И вдруг весь двор осветился ярким желто-оранжевым пламенем! Четыре больших кострища разом вспыхнули по углам, и в воздухе засвистели стрелы…
– Измена! – закричал Клюпа и упал с коня, пронзенный навылет стрелою.
А стрелы неслись со всех сторон – со стен, из-за амбаров, с крыши – и каждая, почти каждая, находила жертву. Одна из стрел попала в круп лошади Раничева, и та, заржав от боли, испуганно взвилась на дыбы. Вылетевший из седла Иван мешком свалился на снег, быстро отполз – в то место, где он только что лежал, тут же впились аж четыре стрелы – укрылся за каким-то небольшим срубом. А по двору метались обезумевшие лошади, от жара горящих костров таял снег, а по всему периметру двора стояли вооруженные до зубов воины в кольчугах и со щитами. Падающие с островерхих шлемов бармицы скрывали их лица. Тех из разбойников, что пытались прорваться, воины поднимали на копья.
Милентий Гвоздь кружил по двору, словно загнанный волк. Тяжелая ордынская сабля его была окрашена кровью, раненый конь хрипел под ногами. Слетев с него, Милентий вдруг издал отчаянный крик и прыгнул в самую гущу воинов. Он рубился направо и налево, так что воины попятились – казалось, еще немного и их кольцо будет прорвано, ну чуть-чуть осталось… Атаман поднял саблю… Сразу два копья вонзились ему в спину, порвав в клочья кольчугу. Милентий захрипел, раскинул руки, на губах его появилась кровавая пена. Чей-то меч ударил его в горло… Миг, и полетевшая в снег отрубленная голова разбойничьего вожака была поднята над толпою на острие копья. Воины радостно закричали, застучали копьями о щиты.
– Славься, Пресвятая Богородица, – поднявшись на стену, гнусаво затянул архимандрит, отец Феофан.
Улучив момент, Раничев быстренько перевалился через сруб. Так и знал – колодец. Хорошо хоть – зима, хотя – не утонешь, так замерзнешь запросто, ну да кому повешену быть…
Быстро набросав на себя снег, Иван затаился на дне.

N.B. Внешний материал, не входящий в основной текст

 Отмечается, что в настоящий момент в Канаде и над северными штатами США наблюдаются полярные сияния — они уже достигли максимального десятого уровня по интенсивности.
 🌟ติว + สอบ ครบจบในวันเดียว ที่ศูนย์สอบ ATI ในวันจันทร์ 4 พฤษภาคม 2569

Слышал, как, торжествуя, кричали враги, как пошли потом по двору, добивая раненых и аккуратно складывая в кучи оружие. Несколько раз заглядывали в колодец.
– Что там, Архип?
– Да вроде пусто.
– Хорошо, гранат у них нет, – порадовался Раничев. – А то ведь бросили бы, явно бросили.
На голову ему вдруг неожиданно упало несколько цепей с крестиками. Некоторые довольно увесистые, ну все ж не гранаты. Иван неожиданно улыбнулся – вот не мог раньше сбежать от разбойников, теперь сиди тут, в колодце, грусти, как та семибатюшная гадюка со средним образованием, сиречь неугомонный лентяй, слесарь Полесов из романа «Двенадцать стульев».

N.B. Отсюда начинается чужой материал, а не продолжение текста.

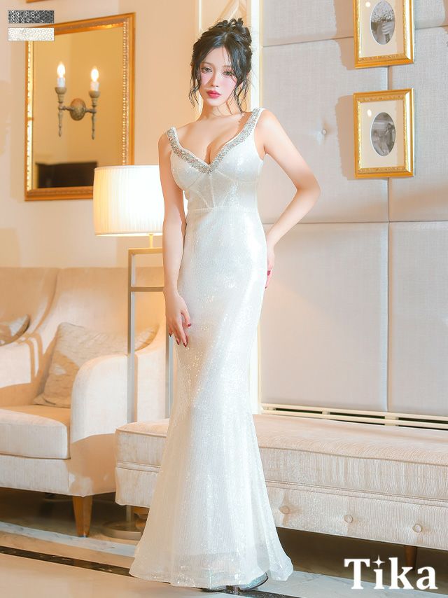 4. 谷間魅せロングドレス
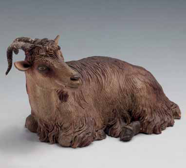 Capra bianco e marrone, testa a sinistra, arti anteriori ciascuno a ciascun lato sporgenti dal pellame, arti posteriori raggruppati a destra, movimento singolare di Francesco Gallo (prov. collezione Scuotto). cm 7x10; fine secolo XVIII

Авдейка шел всю ночь, ориентируясь по блестевшей в свете луны колее, – измотался, не выспался, несколько раз по пути забирался на деревья – опасался волков, ну да Бог миловал. Утром, едва взошло солнце, вдруг почувствовал такую усталость, что, казалось, упал бы сейчас в сугроб и заснул. Тем не менее – шел, знал – нужно идти, и чем быстрее, тем лучше. Вот уже и знакомый замерзший ручей, вот ельник, за ним – березовая, залитая солнышком роща. Авдей улыбнулся. Немного уж и осталось, немного. Вон по мостку, потом свернуть да берегом, а можно и прямо по льду, тем более – что лыжня там. Отрок спустился к лыжне, прищурил глаза от солнца. Пробивающийся сквозь узоры серебристых веток лучик осветил его черные кудри, и Авдей не сразу заметил возникшую вдруг перед ним сероглазую деву в лисьей татарской шапке.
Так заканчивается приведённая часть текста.